Definition of Open Database Connectivity (ODBC) in The Network Encyclopedia.
What is Open Database Connectivity (ODBC)?
ODBC stands for Open Database Connectivity is a Microsoft database technology that provides an application programming interface (API) that Microsoft Windows-based applications can use to access structured query language (SQL) databases (such as those created and managed with Microsoft SQL Server) over a network.
How It Works
Open database connectivity (ODBC) defines a call-level interface that lets applications access data in any database through the appropriate ODBC driver. The ODBC API allows applications to be independent of the database management systems (DBMS’s) that manage their source data.
The main components of ODBC are as follows:
- ODBC API: A set of function calls, error codes, and SQL syntax that defines how data in a DBMS is accessed.
- ODBC database drivers: Dynamic-link libraries (DLLs) that can process ODBC function calls for specific DBMS’s. ODBC drivers translate application calls to ODBC into calls that the specific DBMS can respond to.
- ODBC Driver Manager: Loads the ODBC drivers that an application needs.
- Data Source: Consists of the data the user wants to access and its associated operating system, DBMS, and network platform (if any) used to access the DBMS.
ODBC, which is based on SQL, provides interoperability by allowing an application to access different SQL DBMS’s by using a common set of code. Developers can thus build client/server database applications without having to pre-specify which DBMS’s will be used for the back end. ODBC uses database drivers to link applications to any ODBC-compliant DBMS. ODBC database drivers are available for more than 50 popular DBMS’s, including SQL Server, Microsoft Access, Microsoft FoxPro, Microsoft Excel, Paradox, dBase, and delimited text files.
With ODBC, applications are not tied to proprietary vendor APIs and can run independently of the underlying data communication protocols. Data can be sent and received in a format suitable for the application instead of being tailored for a vendor-specific DBMS.
You can configure ODBC by using the ODBC utility in Control Panel. This utility lets you define a data source name (DSN) for the database being accessed and drivers for accessing the database. To configure ODBC with this utility, you associate a DSN with an ODBC driver, which lets an application interact with a database that is located either on the local machine or on a network server.
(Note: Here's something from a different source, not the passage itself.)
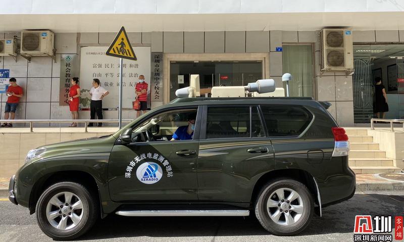 深圳中學(xué)考點(diǎn)外無線電監(jiān)測管理站工作車輛在現(xiàn)場進(jìn)行保障任務(wù)。

Open Database Connectivity Applications
An application is a program that calls the ODBC API to access data. Although many types of applications are possible, most fall into three categories, which are used as examples throughout this guide.
- Generic Applications These are also referred to as shrink-wrapped applications or off-the-shelf applications. Generic applications are designed to work with a variety of different DBMSs. Examples include a spreadsheet or statistics package that uses ODBC to import data for further analysis and a word processor that uses ODBC to get a mailing list from a database. An important subcategory of generic applications is application development environments, such as PowerBuilder or Microsoft® Visual Basic®. Although the applications constructed with these environments will probably work only with a single DBMS, the environment itself needs to work with multiple DBMSs.What all generic applications have in common is that they are highly interoperable among DBMSs and they need to use ODBC in a relatively generic manner.
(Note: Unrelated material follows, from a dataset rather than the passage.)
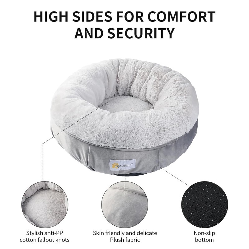 XINSOURCE Cozy Round Pet Bed, Cats Bed, Dogs Bed. Super Soft Plush Interior for Ultimate Comfort. High Walls Provide Extra Support. Non-Slip. Machine Washable. (Grey+Grey, Small)

- Vertical Applications Vertical applications perform a single type of task, such as order entry or tracking manufacturing data, and work with a database schema that is controlled by the developer of the application. For a particular customer, the application works with a single DBMS. For example, a small business might use the application with dBase, while a large business might use it with Oracle. The application uses ODBC in such a manner that the application is not tied to any one DBMS, although it might be tied to a limited number of DBMSs that provide similar functionality. Thus, the application developer can sell the application independently from the DBMS. Vertical applications are interoperable when they are developed but are sometimes modified to include noninteroperable code once the customer has chosen a DBMS.
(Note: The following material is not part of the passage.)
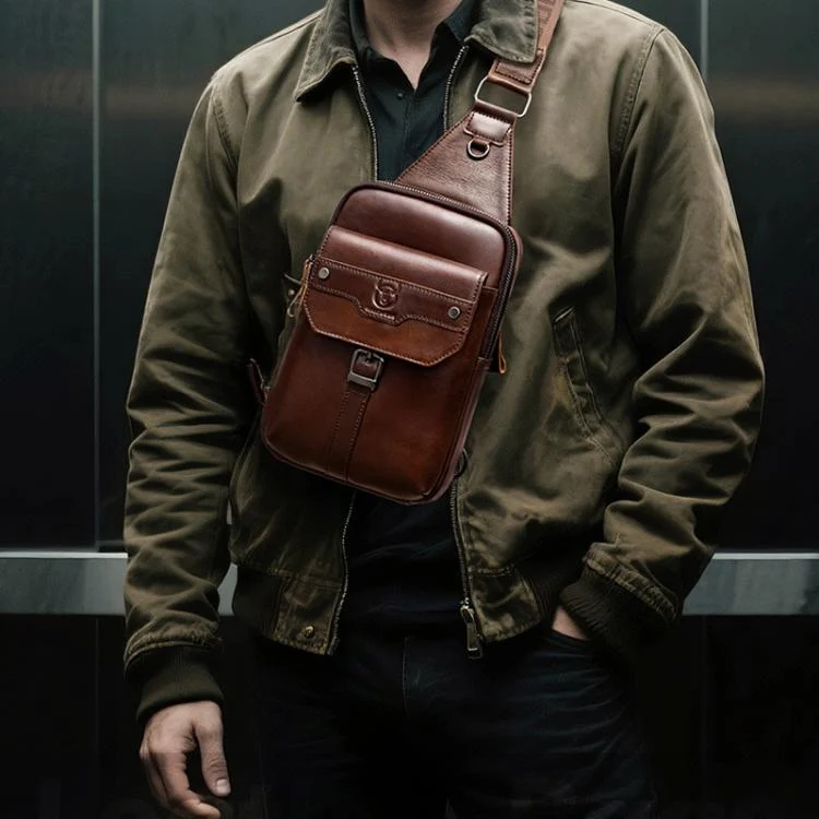 BULL CAPTAIN Men Vintage Genuine Leather Shoulder Bag

- Custom Applications Custom applications are used to perform a specific task in a single company. For example, an application in a large company might gather sales data from several divisions (each of which uses a different DBMS) and create a single report. ODBC is used because it is a common interface and saves programmers from having to learn multiple interfaces. Such applications are generally not interoperable and are written to specific DBMSs and drivers.